Insertion of transurethral ablation transducer for delivery of thermal ultrasound for prostate tissue ablation, including suprapubic tube placement during the same session and placement of an endorectal cooling device, when performed

© Copyright 2025 American Medical Association. All rights reserved.

Common Language Description

The CPT® Code 51721 refers to the procedure involving the insertion of a transurethral ablation transducer specifically designed for the delivery of thermal ultrasound aimed at ablating prostate tissue.
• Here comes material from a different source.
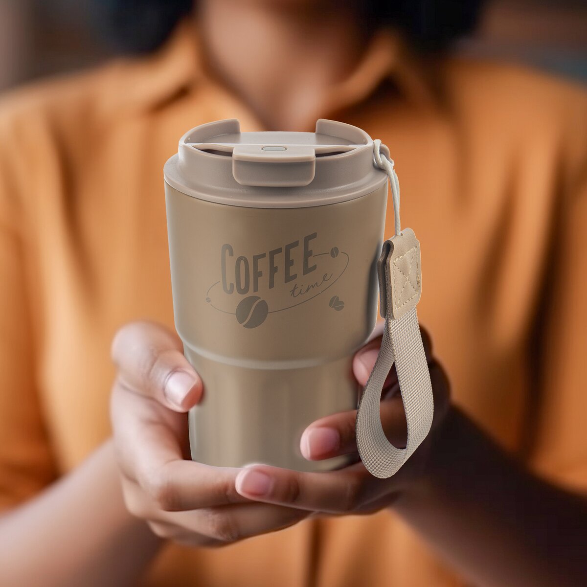 Nápis Coffee time působí stylově. Aby se vám obsah nádoby nikde nevylil, je hrnek opatřený víčkem z plastu PP na závit a uzavíratelným krytem pro otvor na pití. Po použití jej stačí umýt v teplé vodě se saponátem, opláchnout a osušit.

This procedure is notable for its incorporation of advanced technology, including MRI monitoring, to ensure precision in targeting malignant prostate tissue. During the procedure, a suprapubic tube is placed to facilitate urinary drainage, and an endorectal cooling device may also be utilized to protect surrounding tissues from thermal damage during the ablation process. The use of robotic guidance and computer software enhances the accuracy of the ultrasound delivery, making it a sophisticated option for treating prostate cancer. The patient is typically anesthetized and monitored throughout the procedure, which involves several preparatory steps, including the administration of IV antibiotics and anti-spasmodics, to optimize conditions for the ablation. This comprehensive approach underscores the complexity and technical nature of the procedure, which is performed by trained urologists in a controlled environment, often within an MRI scanner to ensure optimal outcomes.
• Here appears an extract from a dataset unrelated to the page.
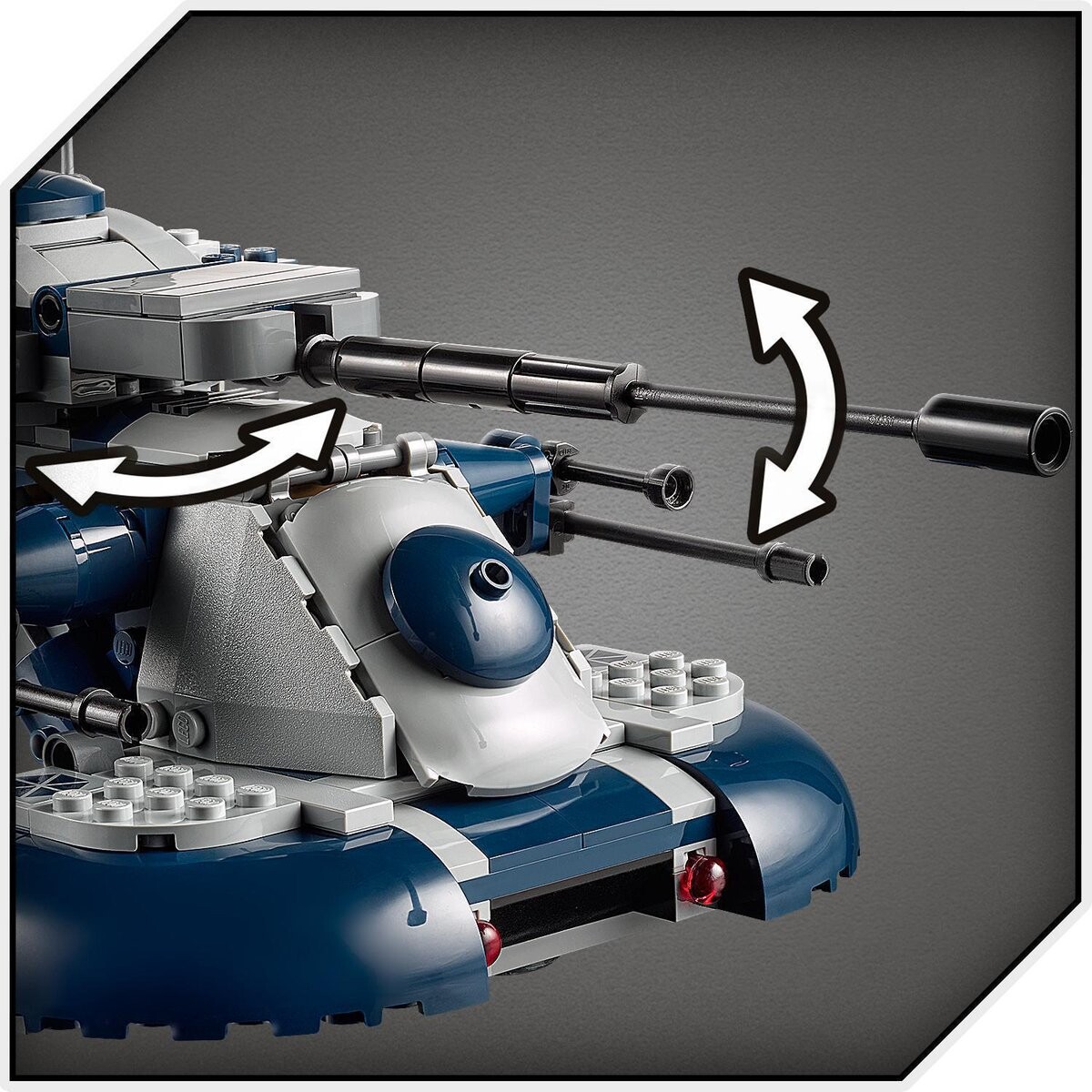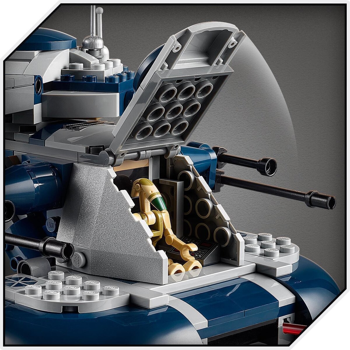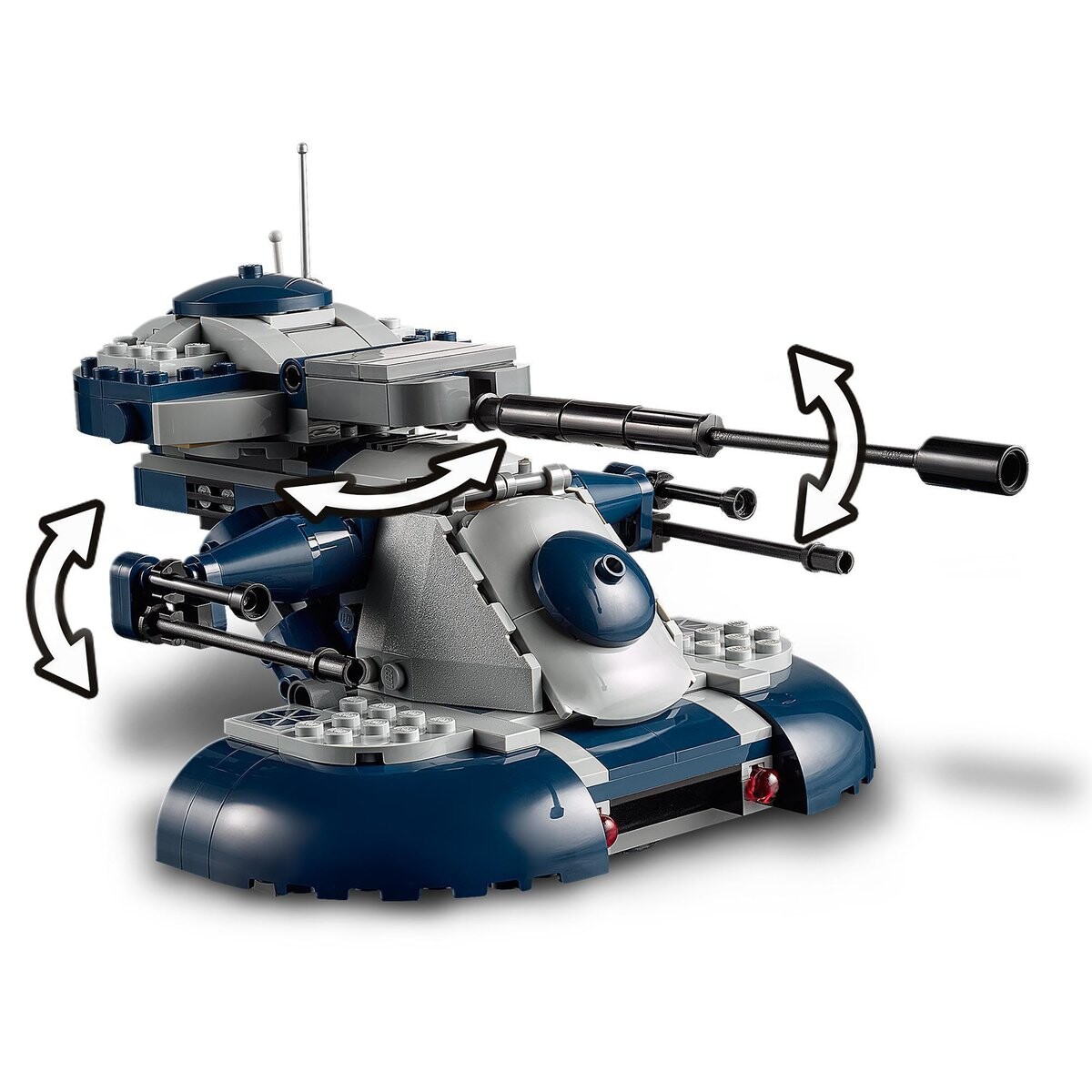 - Построенная модель AAT составляет ок. Высота 12 см, длина 21 см и ширина 14 см. Этим же транспортным средством можно управлять в видеоигре LEGO Star Wars: The Skywalker Saga, а это еще больше удовольствия!

© Copyright 2025 Coding Ahead. All rights reserved.

1. Indications

The procedure described by CPT® Code 51721 is indicated for the treatment of malignant prostate tissue. It is specifically utilized in cases where thermal ablation is deemed necessary to target and destroy cancerous cells within the prostate. The use of MRI-monitored transurethral ultrasound ablation (TULSA) is particularly beneficial for patients who require precise targeting of the affected tissue while minimizing damage to surrounding structures.

  • Malignant Prostate Tissue The primary indication for this procedure is the presence of malignant tissue within the prostate gland that requires ablation to manage or treat prostate cancer.

2. Procedure

The procedure begins with the patient being anesthetized and connected to monitoring equipment to ensure safety throughout the process. Following this, intravenous (IV) antibiotics and an anti-spasmodic medication are administered to prepare the patient for the procedure. A suprapubic catheter is then placed in the anterior pelvis to facilitate urinary drainage during the ablation process. The patient is positioned within the MRI scanner to allow for real-time imaging during the procedure.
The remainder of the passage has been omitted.